Уж эти-то два человека точно – и намного больше – , чем двое их коллег, так как Коллен был озабочен лишь добросовестным выполнением своих обязанностей профессора, обогащая знания ученика и формируя его вкус, не примешивая никакой «политики» к его образованию; Форести же, судя по сведениям о нем, почерпнутым из книги Вертхаймера, вызывает самое искреннее восхищение, когда мы видим, как он старался примирить предписанные ему строгие правила с благородством и деликатностью своих личных чувств.

Примера, взятого наугад, будет достаточно для того, чтобы показать особый характер его отношений со своим учеником. Как-то июльским утром 1816 года ребенок во время прогулки с Форести, пожелал точно знать, кто же правит сейчас во Франции. «Король!» – ответил Форести. – «Но я слышал, – сказал ребенок, что до этого короля во Франции был император. Кто был им?» – «Это был ваш отец! – ответил Форести. – Но неуемная страсть к войне закончилась для него потерей короны.» Тогда юный принц признался под большим секретом, что из книги под названием «Летопись Франции», которую ему до сих пор запрещают читать, он уже узнал обо всех битвах Наполеона.

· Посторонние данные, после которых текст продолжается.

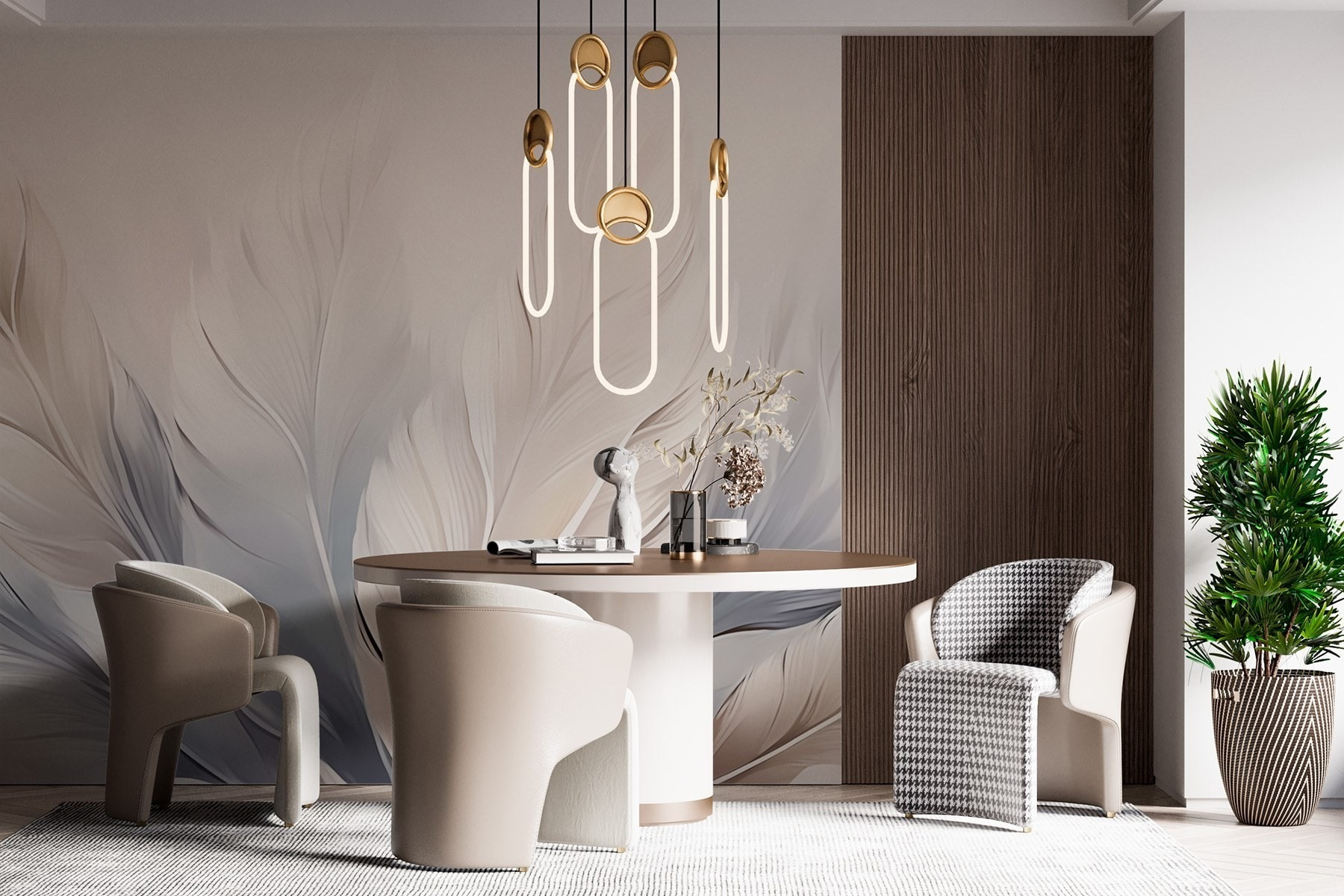 Sia che si tratti di un accogliente angolo lettura o di una sofisticata zona pranzo, questo murale ne esalta l’atmosfera senza sforzo. È tutta una questione di sensazioni calde e confuse, giusto? Inoltre, è un fantastico spunto di conversazione. Gli amici potrebbero rimanere incantati e chiedersi come fare per ottenere un look così accogliente. Con un tocco di natura in casa, ogni sguardo porta un sorriso. Lasciate che il fascino di queste piume avvolga il vostro spazio nella tranquillità!

Затем он сказал: «Но если мой дорогой отец был, как меня уверяют, причиной стольких бед, значит, он преступник?» – «Нам не пристало судить его, – ответил Форести. – Любите всегда вашего отца и молитесь за него!» Оценить по достоинству этот ответ можно, лишь зная, что только после долгих колебаний и искренно считая свой поступок великодушным и даже героическим, Дитрихштейн разрешил ребенку упоминать имя его отца в утренних и вечерних молитвах. Вот так бедный малыш в беседе с Форести «облегчил свою душу». И потом до конца прогулки он прыгал и смеялся, как никогда; по возвращении в замок он бросился в объятия к Коллену и сказал ему: «О! Если б вы знали! Господин Форести и я долго говорили о Франции!» Отныне он испытывал к Форести искреннюю и нежную признательность. А Форести со своей стороны любил и жалел его от всего сердца. «Я не могу передать вам мое отчаяние, когда я узнал о его смерти!» – написал он Дитрихштейну 22 июля 1832 года. В тот же день Обенаус – теперь барон Обенаус – записал в дневнике несколько прощальных строк о своем ученике: «Сегодня в Шёнбрунне в половине пятого утра принц скончался от чахотки, следствие …, много раз предсказываемого Обенаусом». Что скрыто за пропущенным словом, мы, конечно же никогда не узнаем. Но это все эмоции, которые вызвала в нем смерть принца, его воспитанника!

И нельзя сказать, что Обенаус не был порядочным человеком, добросовестно выполнявшим свои обязанности, но могу предположить, что, занимаясь много лет воспитанием детей, он почувствовал к этому роду занятий совершенное отвращение и что герцог Рейхштадский просто казался ему последним – и притом несноснейшим – воплощением «воспитанника». По признанию господина Вертхаймера, державшего в руках дневник Обенауса, там «на каждой странице встречаются одни и те же определения герцога Рейхштадского: упрямый, скрытный, строптивый, жестокий» и т. д. Имея такое представление о своем ученике, он и обращался с ним соответственно. Обенаус был одним из тех педагогов, которые считают бесполезным – если не сказать, опасным – терять время, пытаясь понять душу своих юных противников, которых они обязаны укрощать.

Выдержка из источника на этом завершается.